### Task material

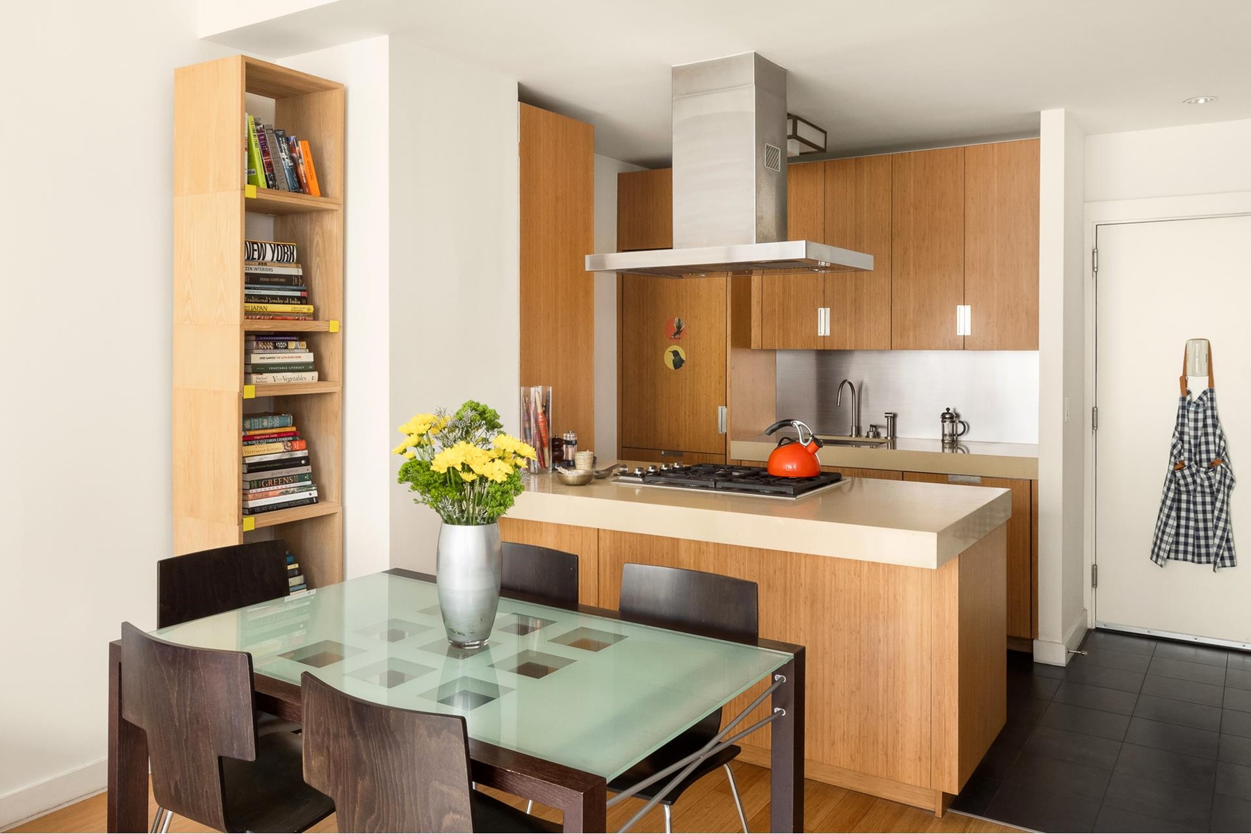 As you enter there is a well-designed & beautifully appointed open plan kitchen with Bamboo cabinetry, premium Viking, Subzero, and Miele appliances, and a wide eat-at counter that adjoins the spacious living room with attractive Bamboo flooring.
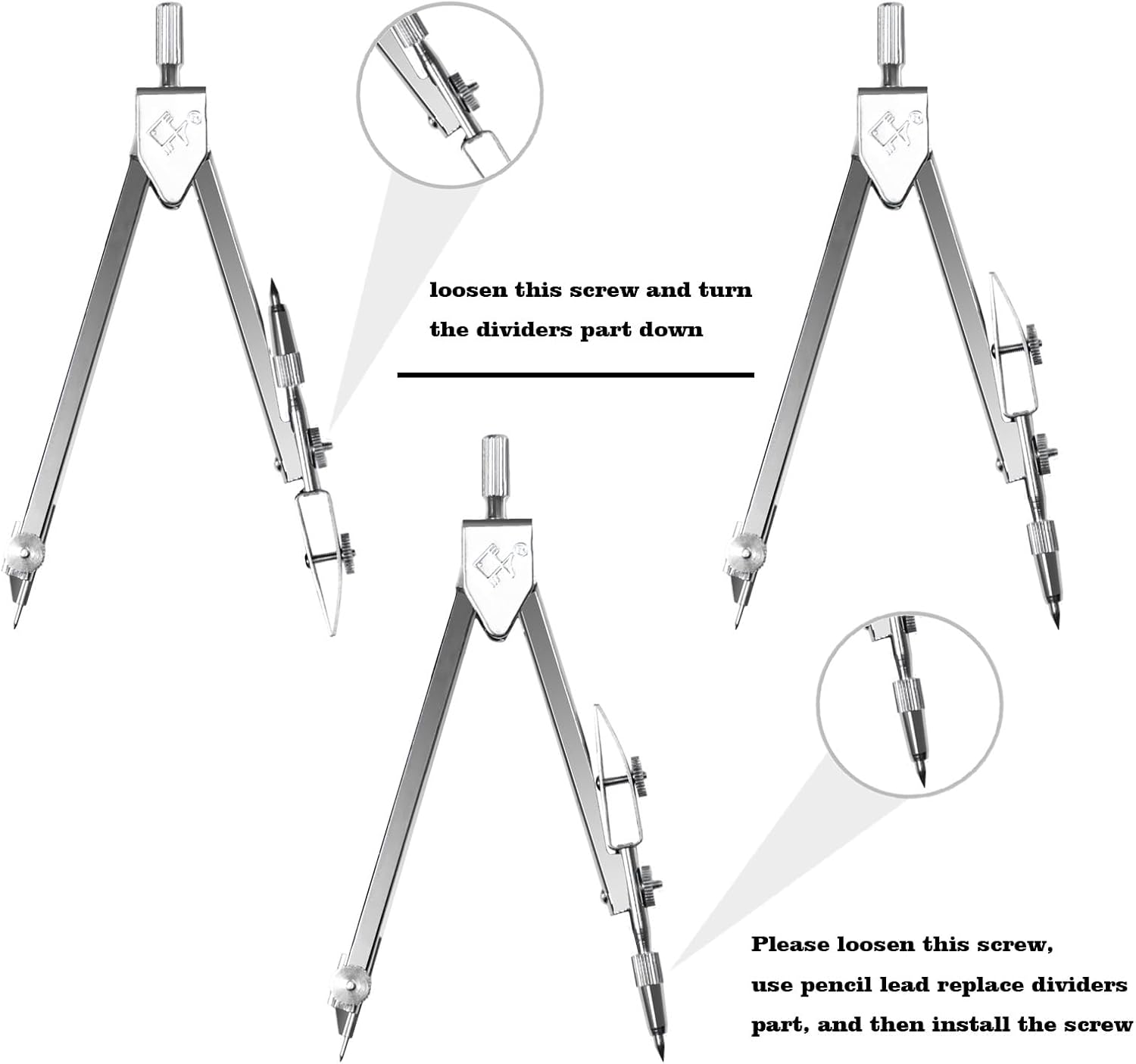- If you receive the product and found the screw of compass is loose, do not worry, it is not a quality problem; The loose screw makes it easier for you to turn the pencil down; You can tighten the screw after using pencil replace divider part
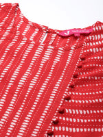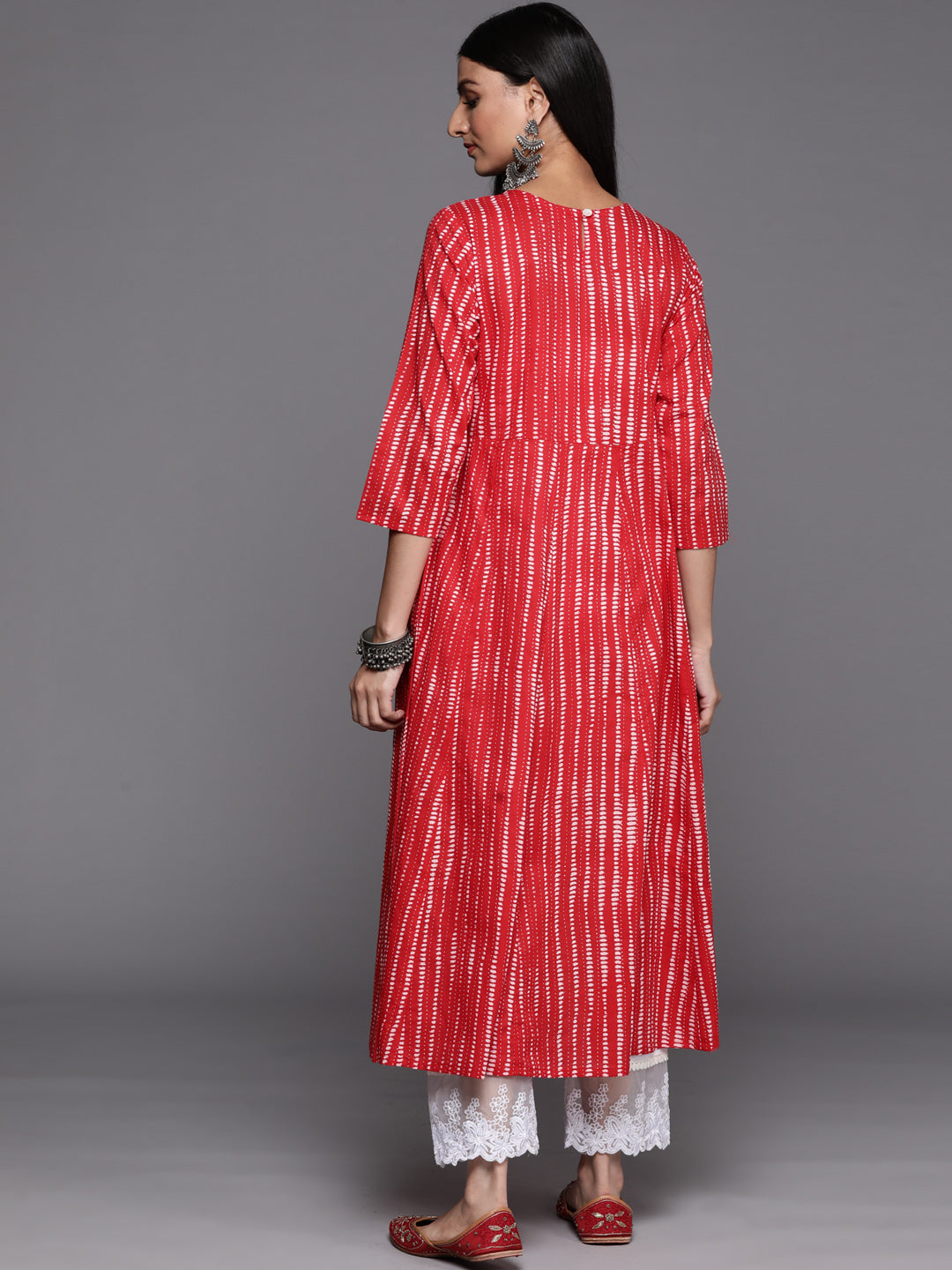 Varanga Red Printed A-Line Kurta With Three Quarter Sleeves
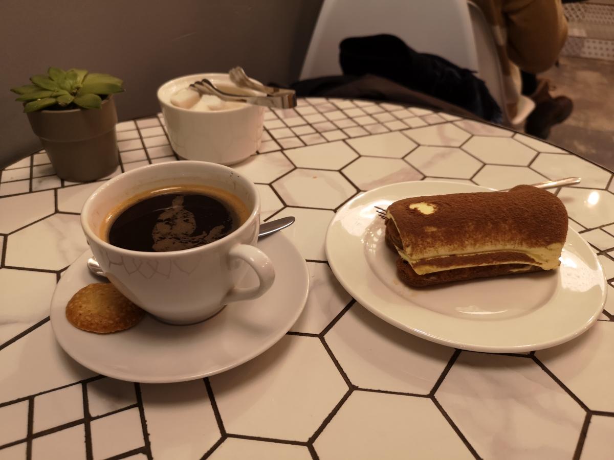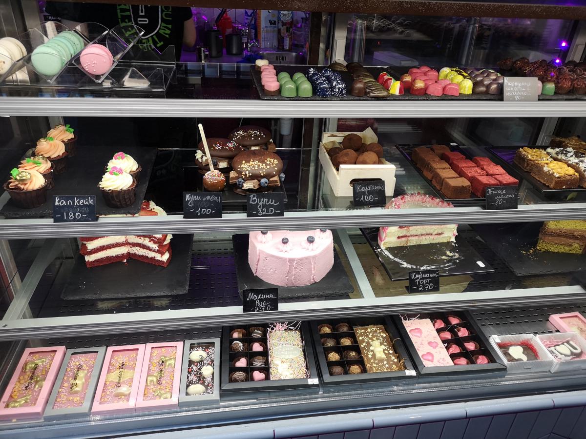 Взял тирамису - очень вкусно! Остальные десерты тоже неплохо выглядели. Попробовал конфету ручной работы - хорошо.
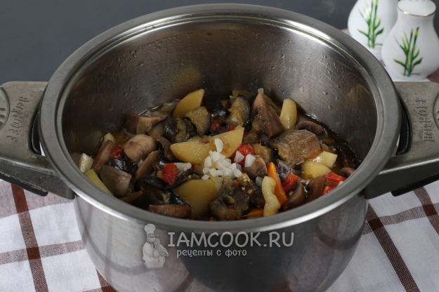 Через 5 минут добавить в кастрюлю измельчённый чеснок, перемешать и выключить огонь. Дать рагу настояться под крышкой 10 минут.
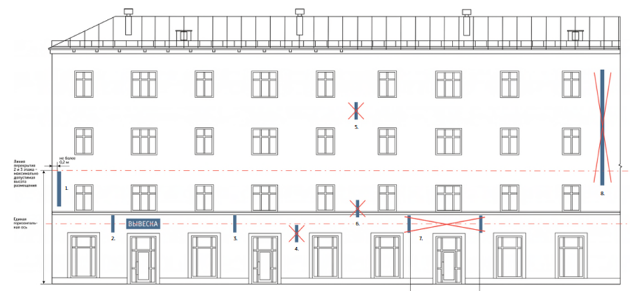 Для вывесок, расположенных между 1 и 2 этажом здания, крайняя точка элементов настенной конструкции не должна находится на расстоянии более чем 0,2 м от плоскости фасада.

######

Instructions for the task — Each record is to be restated word for word; no picture goes in.

Solution for this task —
 As you enter there is a well-designed & beautifully appointed open plan kitchen with Bamboo cabinetry, premium Viking, Subzero, and Miele appliances, and a wide eat-at counter that adjoins the spacious living room with attractive Bamboo flooring.
- If you receive the product and found the screw of compass is loose, do not worry, it is not a quality problem; The loose screw makes it easier for you to turn the pencil down; You can tighten the screw after using pencil replace divider part
 Varanga Red Printed A-Line Kurta With Three Quarter Sleeves
 Взял тирамису - очень вкусно! Остальные десерты тоже неплохо выглядели. Попробовал конфету ручной работы - хорошо.
 Через 5 минут добавить в кастрюлю измельчённый чеснок, перемешать и выключить огонь. Дать рагу настояться под крышкой 10 минут.
 Для вывесок, расположенных между 1 и 2 этажом здания, крайняя точка элементов настенной конструкции не должна находится на расстоянии более чем 0,2 м от плоскости фасада.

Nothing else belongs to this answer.